▸ **Required work**
Repeat everything from the first line of the listing below through the line that contains "وقال في تغريدة", exactly. Leave out pictures.

▸ **Recorded data**
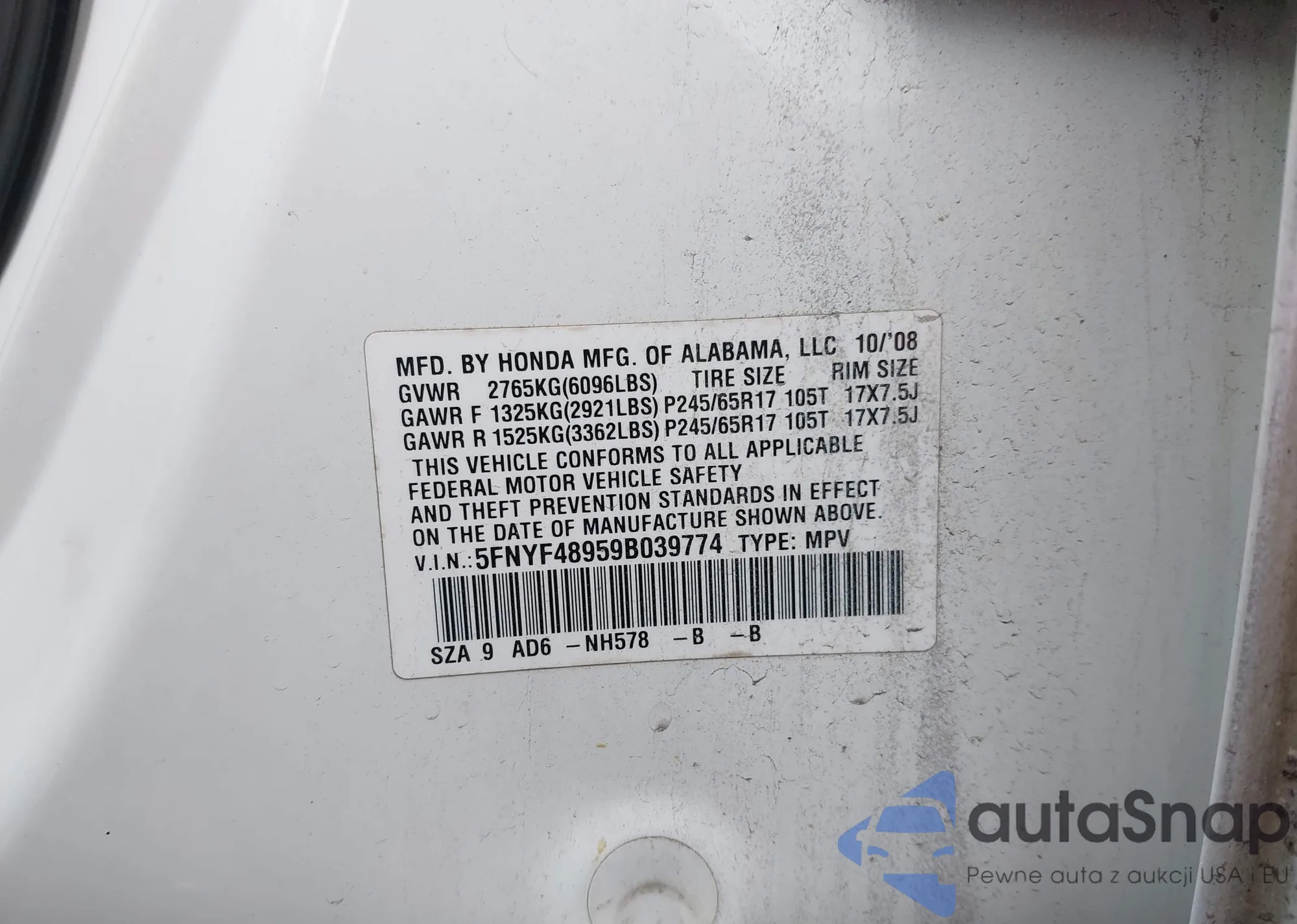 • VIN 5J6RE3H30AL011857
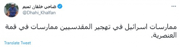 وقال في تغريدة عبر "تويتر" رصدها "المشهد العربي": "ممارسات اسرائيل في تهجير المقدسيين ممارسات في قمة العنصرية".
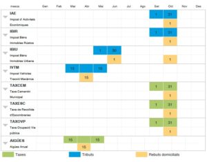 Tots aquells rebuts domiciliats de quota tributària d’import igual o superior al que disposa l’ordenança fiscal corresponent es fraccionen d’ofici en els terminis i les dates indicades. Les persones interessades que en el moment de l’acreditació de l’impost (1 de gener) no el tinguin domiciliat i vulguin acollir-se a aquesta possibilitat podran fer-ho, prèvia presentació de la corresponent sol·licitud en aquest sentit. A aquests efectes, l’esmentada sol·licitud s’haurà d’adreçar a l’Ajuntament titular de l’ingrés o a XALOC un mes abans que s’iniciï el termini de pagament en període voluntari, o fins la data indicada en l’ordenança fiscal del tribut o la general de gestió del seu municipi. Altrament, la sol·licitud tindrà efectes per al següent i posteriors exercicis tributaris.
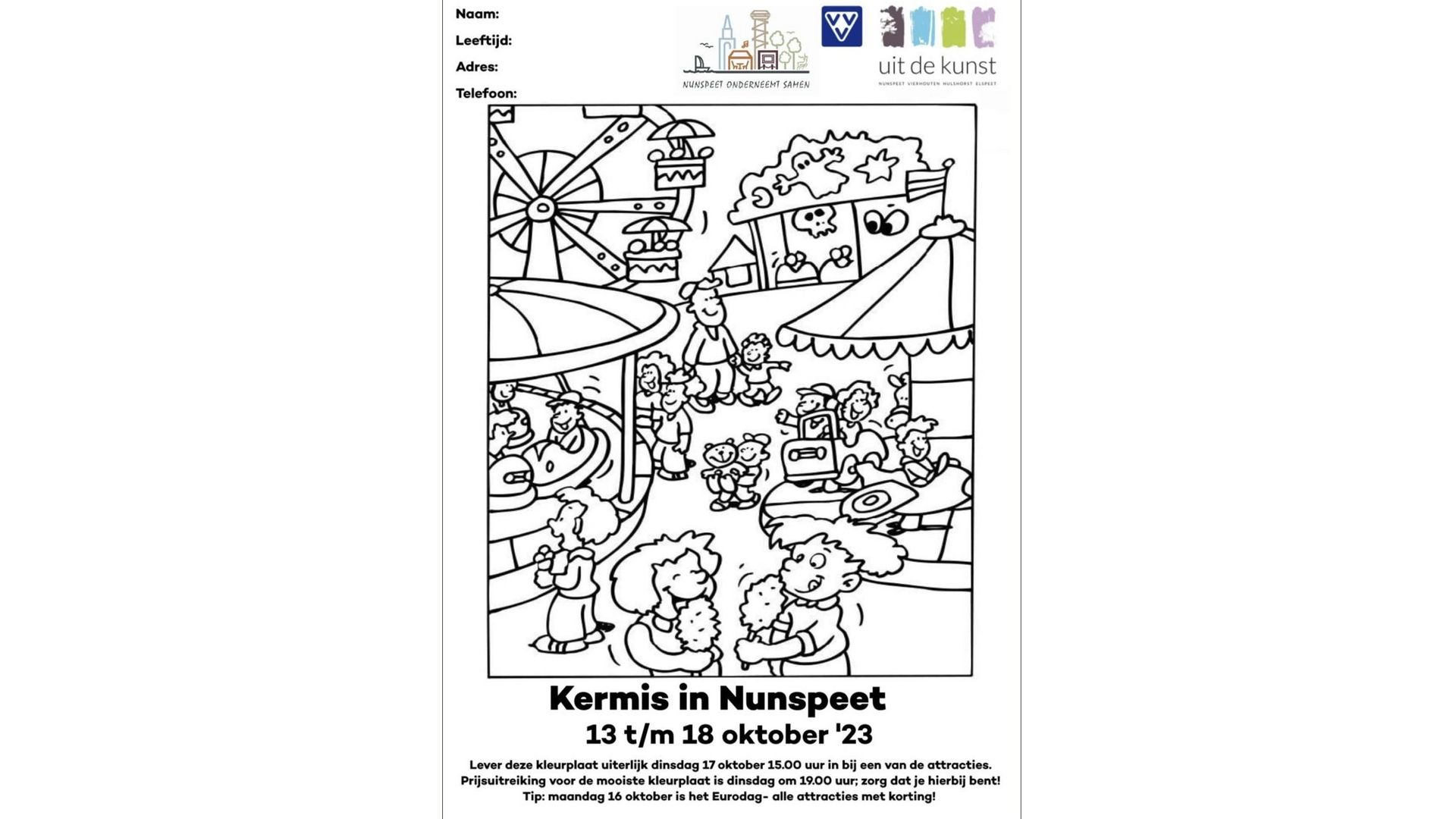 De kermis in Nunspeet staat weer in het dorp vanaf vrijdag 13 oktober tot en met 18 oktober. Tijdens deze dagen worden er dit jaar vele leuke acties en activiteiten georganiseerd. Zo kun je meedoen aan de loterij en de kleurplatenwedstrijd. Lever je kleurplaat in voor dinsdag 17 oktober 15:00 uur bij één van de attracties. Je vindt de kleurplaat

▸ **Solution**
 • VIN 5J6RE3H30AL011857
 وقال في تغريدة عبر "تويتر" رصدها "المشهد العربي": "ممارسات اسرائيل في تهجير المقدسيين ممارسات في قمة العنصرية".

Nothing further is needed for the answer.